Une table ronde organisée par le Fonds Croix-Rouge française le lundi 7
septembre 2015 à Paris dans le cadre du Forum Mondial Convergences
Intervenants:
 Modibo TRAORE, Chef de bureau, Bureau des Nations Unies pour la coordination des affaires
humanitaires (OCHA) en Côte d’Ivoire
 Kristin BARSTAD, Conseillère à la Division Mouvement, Comité international de la CroixRouge (CICR)
 Jean-François MATTEI, Président, Fonds Croix-Rouge française
 Mahaman TIDJANI ALOU, Professeur de science politique et doyen de la faculté de sciences
économiques et juridiques, Université Abdou Moumouni, chercheur au LASDEL (Niger)
Modérateur :
 Mireille GUIGAZ, membre du Conseil scientifique international du Fonds Croix-Rouge
française, ancienne Vice-présidente du Fonds Mondial.
PRINCIPAUX ENSEIGNEMENTS
Dans un contexte humanitaire en transition marqué, selon Modibo Traore, par un élargissement du
nombre et de l’impact des crises, par le foisonnement des acteurs impliqués et souveraineté
revendiquée des États hôtes et des organisations locales, les intervenants de la table ronde se sont
questionnés sur les principes, les valeurs et le rôle de l’éthique en tant que guide de l’action
humanitaire.
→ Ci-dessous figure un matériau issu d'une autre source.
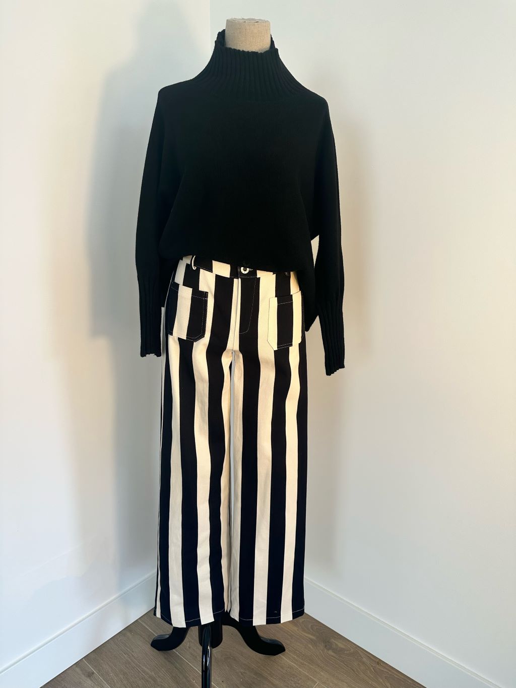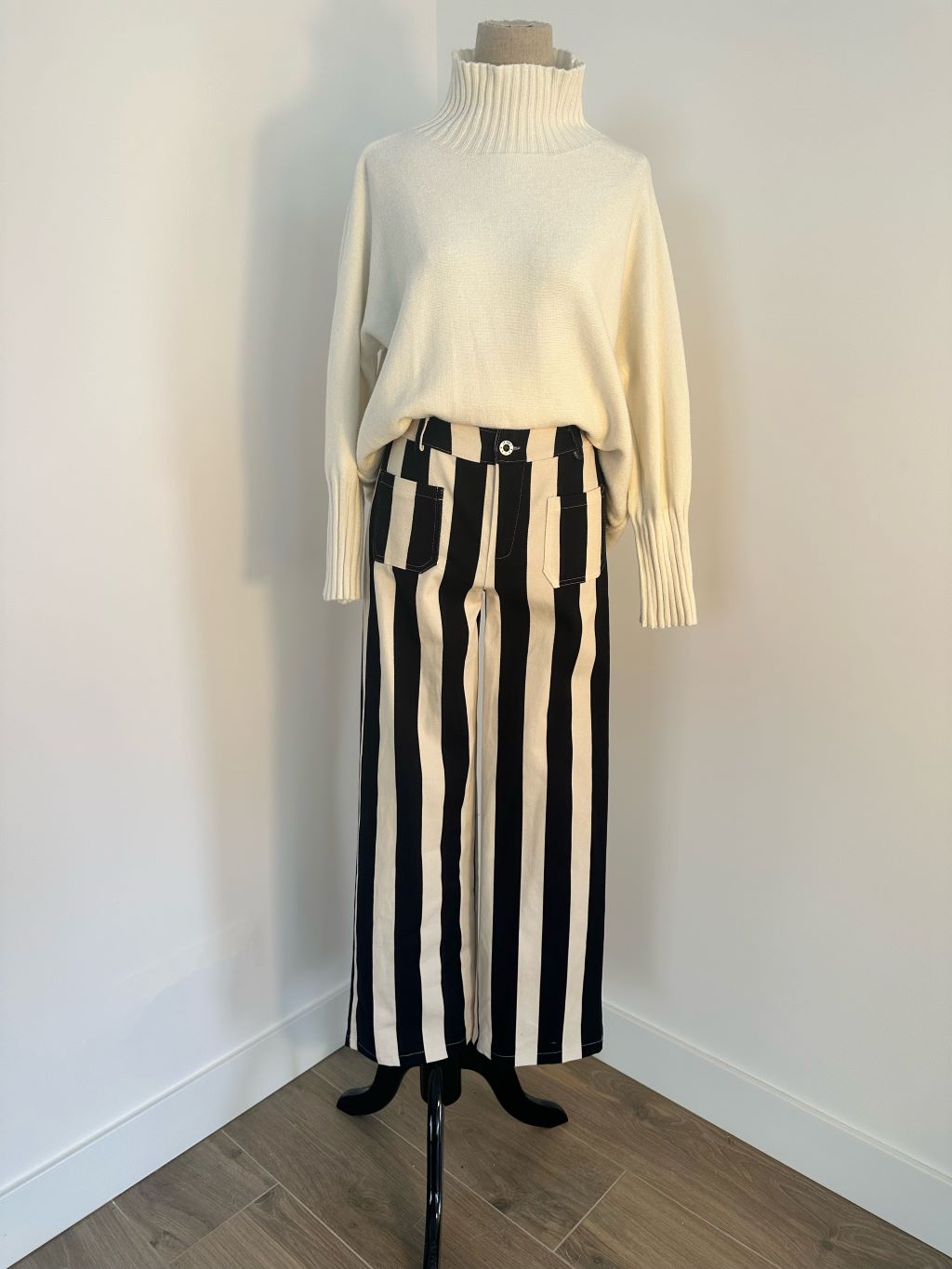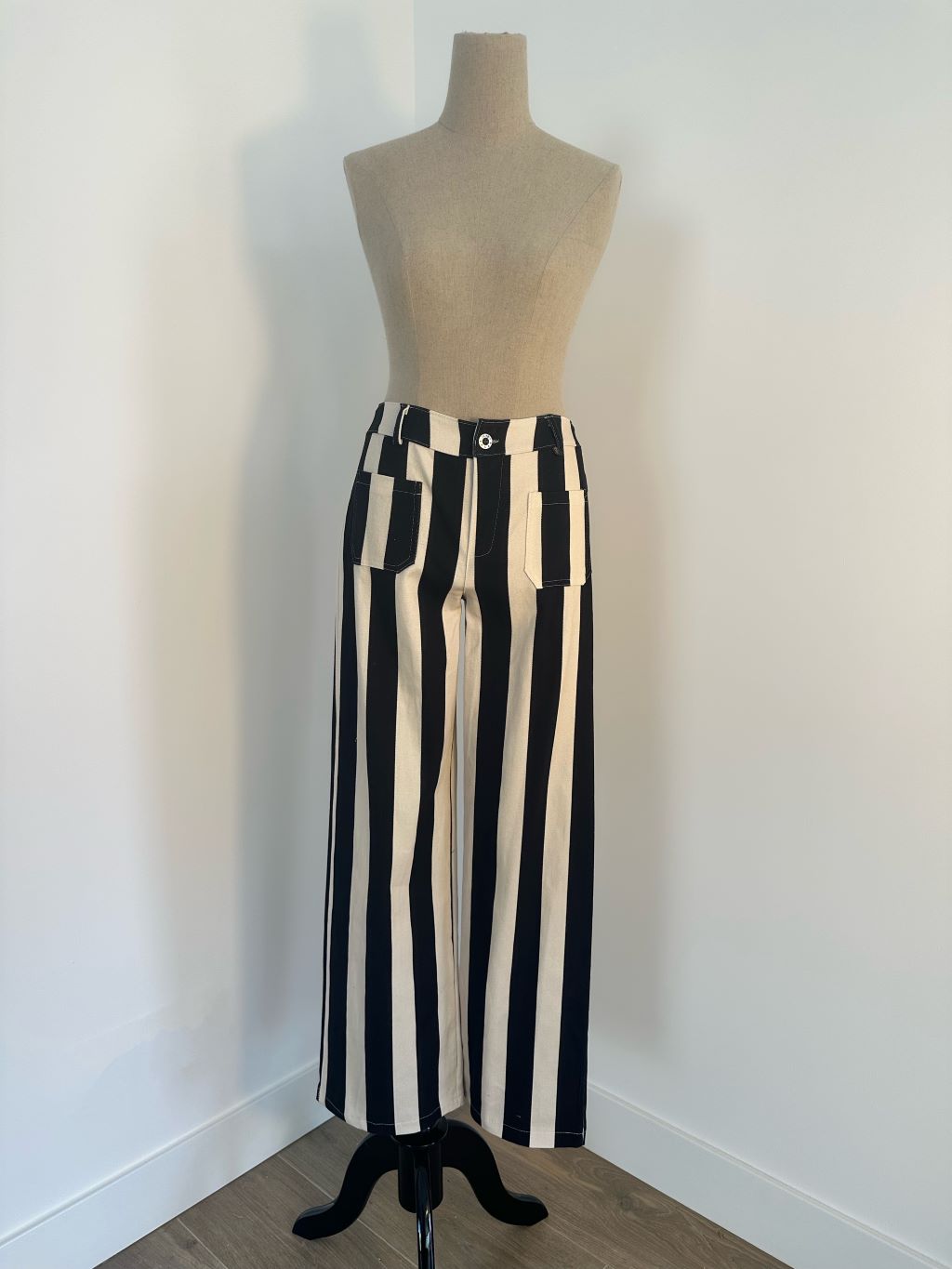 Pantalón estampado en rayas de color negro y crudo. Bolsillos tipo plastrón en delantero y en la parte de atrás. Corte recto, Cintura con botón y cremallera, goma en la parte de atrás. Tejido tipo vaquero, con un poco de elástico para mayor comodidad.

Kristin Barstad, a rappelé l’actualité et l’importance des principes du CICR pour accéder
aux victimes et protéger les humanitaires, malgré les efforts et les coûts qu’ils impliquent.
S’appuyant sur les résultats d’une consultation réalisée au sein du Mouvement Croix-Rouge et
Croissant Rouge, elle a insisté sur la nécessité de travailler sur leurs perceptions autant que sur leur
application. Alors que ces principes humanitaires dictent les conduites des acteurs apportant de
l’aide, Jean-François Mattei fait appel à l’éthique comme complément pour placer les personnes
affectées au centre des choix qui les concernent et faire face à des situations inédites. Une charte
éthique de l’humanitaire international pourrait ainsi être mise en place pour abandonner
définitivement toute attitude paternaliste et mieux associer les victimes aux actions. Le principe
d’autonomie nécessite dès lors une meilleure prise en compte des voix issues des pays bénéficiaires
et une meilleure connaissance des dynamiques sociales et des terrains où l’action humanitaire se
déploie. C’est tout l’intérêt d’un dialogue entre chercheurs en sciences sociales et acteurs
humanitaires, dialogue pour lequel plaide Mahaman Tidjani Alou qui en analyse les principaux
obstacles et réelles opportunités.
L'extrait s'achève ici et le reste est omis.